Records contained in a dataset
+ + + + + + +
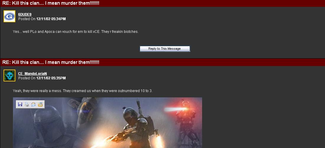 Perhaps they didn't read my last post, which was "Alright no problem. I hope you don't believe now that every new applicant is me in disguise though. We will continue to work against Plo Koon and the rest whom follow his example of game play and talking smack because I wasn't aware that the CE fellowship meant being complete asses to everyone else". So how does this constitute as an insult to the entire clan. It was directed at Plo Koon and his ilk. Too bad, I've been banned now, but all is fair in love and war I suppose. |
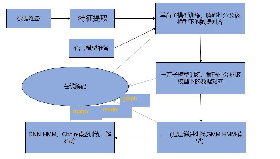 在上几篇文章我们已经介绍了数据处理、特征提取及声学单元处理,本节我们要介绍语音识别系统中关键的语言模型训练。关于语音识别系统整体流程,我们本应该在第一篇文章就该拿出来,小编最近日夜颠倒,时差有点乱,逻辑混乱,语音识别系统流程图现在给大家奉上:
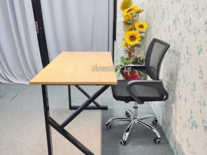 Chất liệu: mặt bàn gỗ MDF. chân sắt dày 1ly, hàn chân sắt cố định chắc chắn.
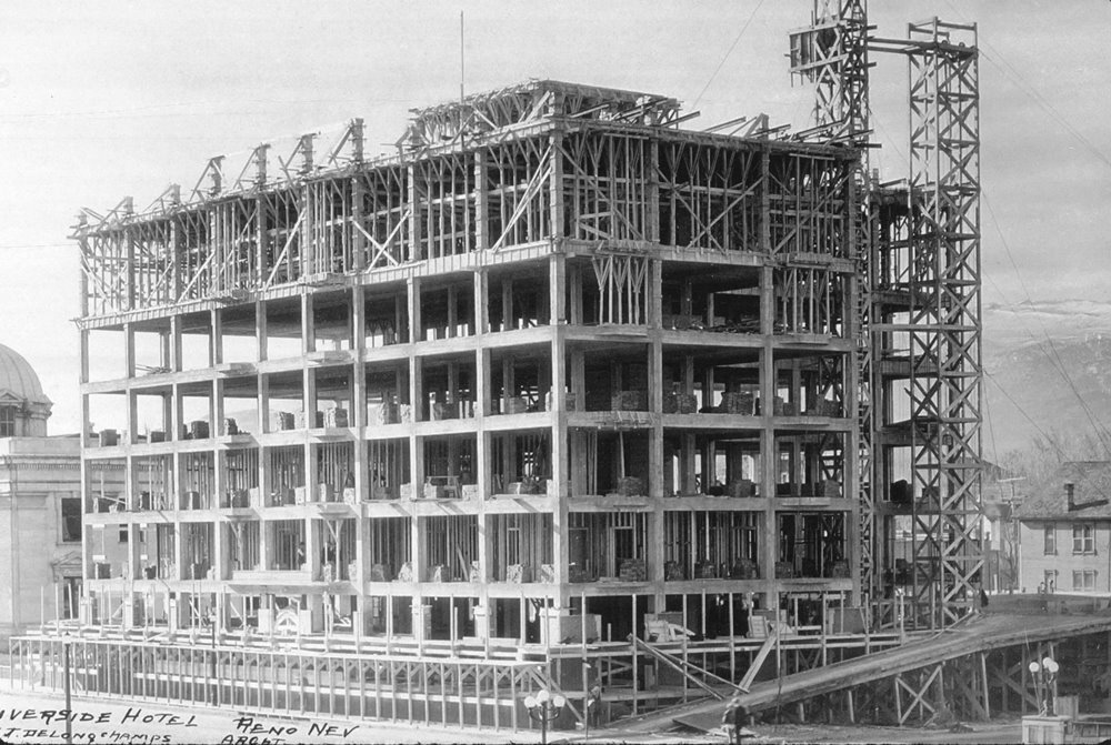 Unable to rebuild, Gosse sold the vacant lot for $70,000 to Reno’s most powerful citizen, George Wingfield. The wealthy banker hired prominent architect Frederic DeLongchamps to design a luxury hotel deliberately courting well-to-do divorce-seekers and other travelers. Gothic in style and fully appointed throughout, the stately new six-story Riverside Hotel opened on May 14, 1927.
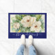 Elegant Floral Navy Blue Magnolia Flowers Name Doormat
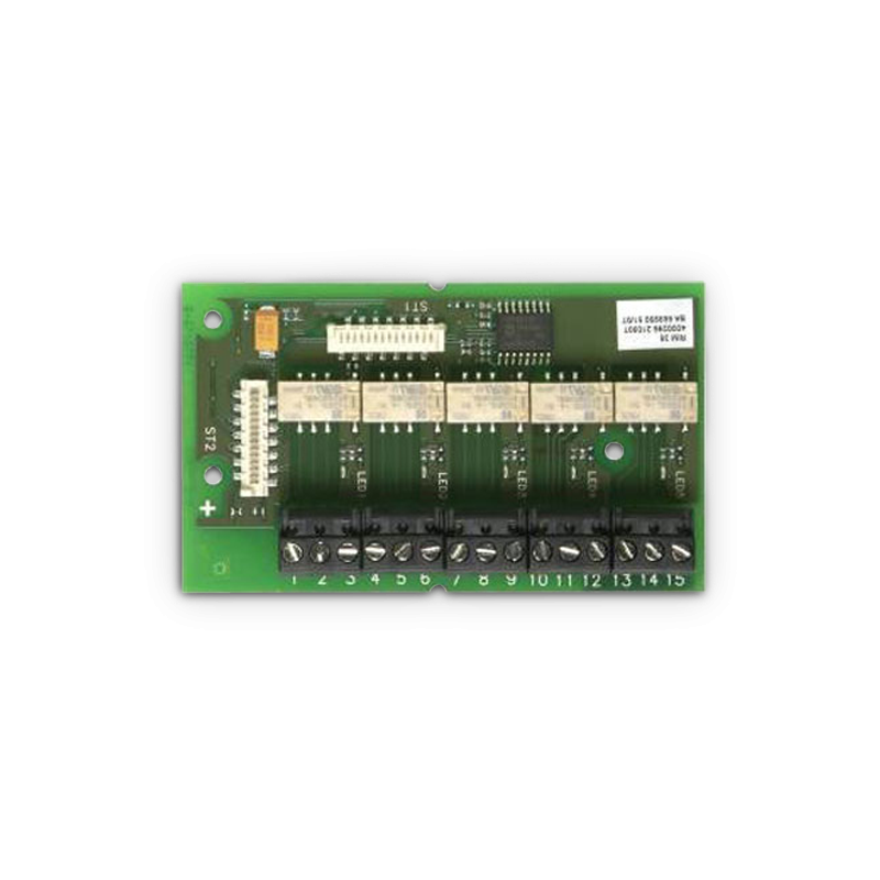 Modulo a 5 relè compatibile con ASD531 e ASD532, è possibile installare max 2 RIM36 nella centrale ASD532 e 1 RIM36 nella centrale ASD531. Carico max contatto relè 50 Vcc / 1 A / 30 W, dimensioni L 58 x H 95 x P 17mm, peso 85 g, assorbimento 15 mA, alimentazione (da AMB 35) 5 Vcc.
+ + + + + + +
Problem statement
Nothing but the pictures is to be left out; repeat the data exactly.

Your response
 Perhaps they didn't read my last post, which was "Alright no problem. I hope you don't believe now that every new applicant is me in disguise though. We will continue to work against Plo Koon and the rest whom follow his example of game play and talking smack because I wasn't aware that the CE fellowship meant being complete asses to everyone else". So how does this constitute as an insult to the entire clan. It was directed at Plo Koon and his ilk. Too bad, I've been banned now, but all is fair in love and war I suppose. |
 在上几篇文章我们已经介绍了数据处理、特征提取及声学单元处理,本节我们要介绍语音识别系统中关键的语言模型训练。关于语音识别系统整体流程,我们本应该在第一篇文章就该拿出来,小编最近日夜颠倒,时差有点乱,逻辑混乱,语音识别系统流程图现在给大家奉上:
 Chất liệu: mặt bàn gỗ MDF. chân sắt dày 1ly, hàn chân sắt cố định chắc chắn.
 Unable to rebuild, Gosse sold the vacant lot for $70,000 to Reno’s most powerful citizen, George Wingfield. The wealthy banker hired prominent architect Frederic DeLongchamps to design a luxury hotel deliberately courting well-to-do divorce-seekers and other travelers. Gothic in style and fully appointed throughout, the stately new six-story Riverside Hotel opened on May 14, 1927.
 Elegant Floral Navy Blue Magnolia Flowers Name Doormat
 Modulo a 5 relè compatibile con ASD531 e ASD532, è possibile installare max 2 RIM36 nella centrale ASD532 e 1 RIM36 nella centrale ASD531. Carico max contatto relè 50 Vcc / 1 A / 30 W, dimensioni L 58 x H 95 x P 17mm, peso 85 g, assorbimento 15 mA, alimentazione (da AMB 35) 5 Vcc.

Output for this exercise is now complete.